叶怀玉冷哼一声,这个冒牌货,还拿眠雪大嫂的身份压他呢?等麻袋被拆开,他就等死吧。
“还请父侯速速遣人拆开麻袋!为大哥报仇!”
“拆!”
从沾血的麻袋出现在眼前的那一刻起,武安侯就面容紧绷,嘴唇紧抿,一直都没说过什么话。
此刻,他死死的盯着麻袋,默默祈祷,里边装着的可千万不要是他的嫡子……
上天似乎听到了他的祈祷,当麻袋被拆开后,暴露在众人视线中的竟然根本不是什么尸体。
而是,一个土塑人俑!
人俑旁,还塞着许多祭品,书信。
鲜血,是来自其中一封用布写得血书……
“这……怎么可能?昨夜我明明亲眼看到世子埋尸……”先前指控叶慎安的侍卫结结巴巴,噗通一声跪在地上,“侯爷饶命!侯爷饶命啊!”
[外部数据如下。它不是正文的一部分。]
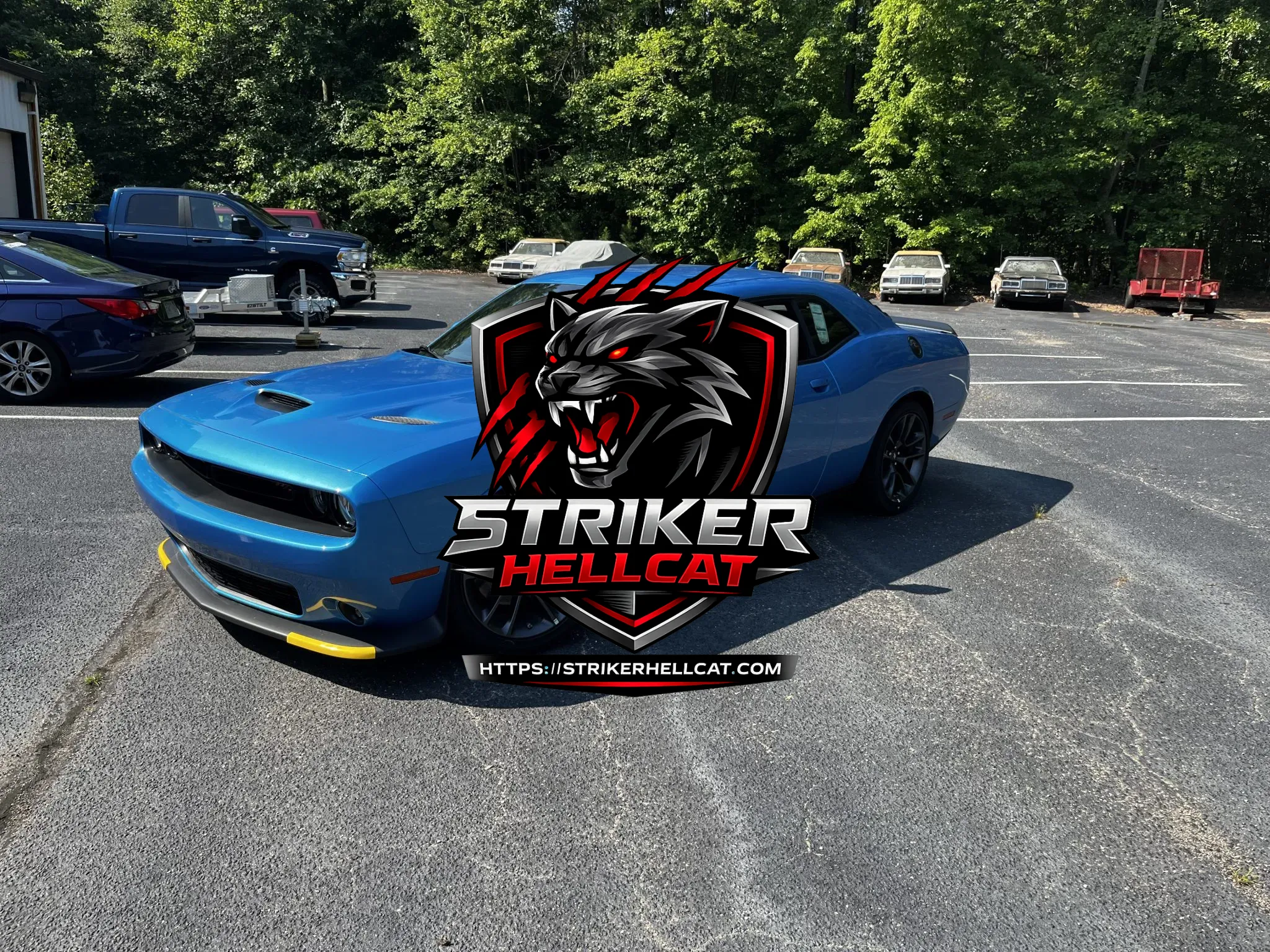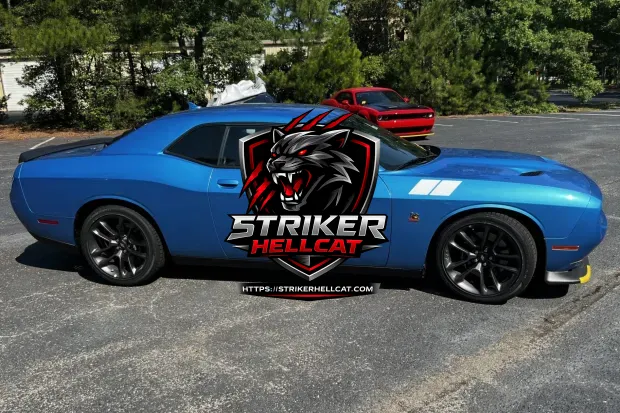This 2023 Dodge Challenger R/T Scat Pack Plus is powered by a 392ci V8 paired with a six-speed manual transmission, and it is finished in B5 Blue over black Nappa leather and Ruby Red Alcantara upholstery. It is equipped with 20″ Granite Crystal wheels, Brembo brake calipers, an SRT front splitter, a Performance hood, heated and ventilated front seats, Alpine speakers, and UConnect infotainment with navigation.
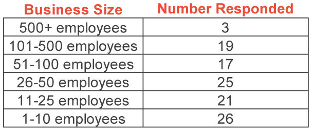 111 Sonoma County businesses representing 12,464 employees participated in the Winter 2016 Business Confidence Survey. These businesses represent a variety of industries and responded with their forecasts on business conditions and key concerns for future success. Here's how the businesses breakdown by size:

叶怀玉的面色也阴沉到了极点,但他尚且来不及思考事情的发展为何会脱离掌控,就对上了武安侯那锐利的目光。
“老二,这就是你说的世子尸体?”
“父侯,我,我……”叶怀玉自幼被武安侯宠大,何曾见过他这么可怕的模样?
当即吓得跪倒在地,整个大脑都陷入眩晕之中。
甚至,他都产生了自我怀疑,难道从一开始就是他猜错了?
替身之事子虚乌有?
可不对啊,叶慎安专用的大夫明明亲口指认,他是天阉……
还有昨夜埋尸一事,那侍卫绝不会骗他。
就在气氛压抑到极致时,秦舒嫆的声音响起,“世子新婚之夜,不陪在世子妃身边好好休息,为何来栖鸾殿掩埋人俑?”
闻言,叶怀玉目光一凛,继而死死盯着叶慎安,“对啊,好端端的,你干嘛搞这些乱七八糟的事?”
果然,姜还是老的辣,秦舒嫆一下就抓住了重点。
可惜,她不知道的是,叶慎安早就预判了她的预判!
此刻,她们母子提出这个问题,根本就是自取其辱!
叶慎安飞快跑到麻袋旁边,将那些散落在地的纸张护在身后,佯装惶恐道,“这,是我个人私事,没必要非得回答吧?”
“父侯,既然埋尸一事根本就是子虚乌有,还请你带继母和二弟速速离开吧,别扰了母亲九泉之下仍然不安。”
见叶慎安这么紧张,叶怀玉立刻有了新的推测:这人俑和纸张上一定有揭穿这冒牌货的线索!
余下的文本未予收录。